Salomone spaccava il capello. La sua pignoleria a favore delle cose fatte con giustizia era proverbiale. Alcuni dicevano che era colpa del suo nome. Altri sostenevano che qualcosa nella sua testa non girava per il verso giusto. Quale che fosse la ragione il suo modo di fare era insopportabile. Qualunque cosa era perfettibile secondo lui e stava addosso a chiunque per far notare gli errori, grossolani o minuscoli che fossero. Riusciva a capire perfino le intenzioni dalle espressioni dei volti, prima ancora che le persone avessero modo di sbagliare. Ben presto Salomone rimase senza amici, senza fidanzata, e soprattutto senza lavoro. A casa suo padre lo sopportava a malapena e la madre, con gli occhi sempre gonfi, cercava di passargli qualche coccola o qualche banconota. Sempre che fosse in grado di dare una buona ragione al suo gesto, altrimenti Salomone era capace di privarsene senza apparente sacrificio.

Un giorno, durante una delle sue passeggiate solitarie poiché tutti si allontanavano dalla sua strada appena lo intravedevano, Salomone si sentì colpire in fronte. Si fermò per capire cosa fosse accaduto. Mentre era sovrappensiero la sua fronte alta aveva sbattuto contro un ramo che penzolava fuori dalle mura di un giardino. In fondo al ramo stava appeso il frutto più bello e perfetto che avesse mai visto. Non ne conosceva il nome e neppure le caratteristiche, ma qualcosa gli suggeriva che fosse davvero delizioso. Il suo profumo tormentava le narici e lo stomaco, che da qualche tempo accoglieva cibo in quantità insufficiente per un giovanotto della sua statura. Salomone allungò istintivamente la mano, ma subito la fermò a mezz’aria, domandandosi se il gesto che si apprestava a compiere fosse legittimo. Il frutto apparteneva a qualcuno, i proprietari del giardino, e tuttavia penzolava fuori dei confini del giardino stesso, sottraendosi in qualche modo alla proprietà. Il suo pensiero sorrise a quest’ultima versione, e soprattutto sorrise lo stomaco che fece sbilanciare velocemente la volontà di Salomone. O per meglio dire…voracemente, visto che divorò il frutto in pochi secondi. Alla stessa velocità il senso di colpa divorò Salomone. Le ultime gocce di succo gli andarono per traverso, doveva essere per questo che gli spuntarono le prime gocce di lacrime.
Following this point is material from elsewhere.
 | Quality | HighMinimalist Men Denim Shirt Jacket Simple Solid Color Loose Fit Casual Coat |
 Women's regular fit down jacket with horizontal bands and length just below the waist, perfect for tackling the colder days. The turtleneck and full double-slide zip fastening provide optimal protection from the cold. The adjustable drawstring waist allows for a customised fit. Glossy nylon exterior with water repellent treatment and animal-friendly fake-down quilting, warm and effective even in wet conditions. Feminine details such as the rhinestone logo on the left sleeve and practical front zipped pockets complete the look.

Come aveva potuto essere tanto avido e ingiusto? Lui che aveva sempre additato gli altri, ritirò istintivamente le mani nelle tasche e si allontanò ingobbito. La sera lo sorprese pensieroso, seduto su un muretto di periferia. Il sole tramontava insieme alla sua pignoleria.
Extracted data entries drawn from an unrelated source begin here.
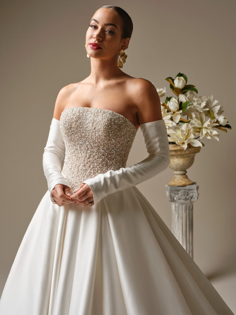Make a statement in the Sottero and Midgley Dmara wedding dress, a breathtaking strapless ball gown designed for the modern bride who loves timeless luxury. The sparkling beaded bodice shimmers with intricate embellishments, while the full satin skirt creates a dramatic, fairytale-worthy silhouette. Perfect for brides who want elegance, glamour, and a touch of royal sophistication, this designer gown combines classic romance with couture details.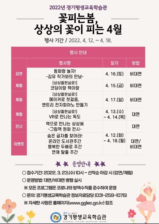 참여를 희망하는 사람은 경기평생교육학습관 누리집(www.gglec.go.kr)을 통해 23일부터 신청하면 된다.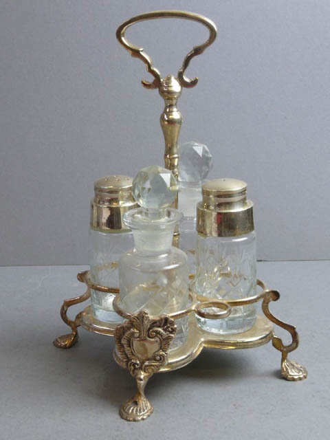 CRUET SET E.P.SILVER CLOVER SHAPED STAND WITH FOUR CUT GLASS BOTTLES

Rientrò mogio a casa mentre stringeva ancora il nòcciolo del frutto dentro al palmo della mano. Lo avrebbe conservato per fare memoria del suo misfatto, per tutto il tempo che sarebbe stato necessario.

Le persone non compresero mai il cambiamento che avvenne improvvisamente in Salomone, ma dalla sorpresa passarono al sollievo e dal sollievo alla simpatia. Dalla simpatia all’ammirazione, e così via. In breve tempo Salomone ritrovò il lavoro, le amicizie, l’amore. E seminò un nòcciolo misterioso in fondo al suo giardino.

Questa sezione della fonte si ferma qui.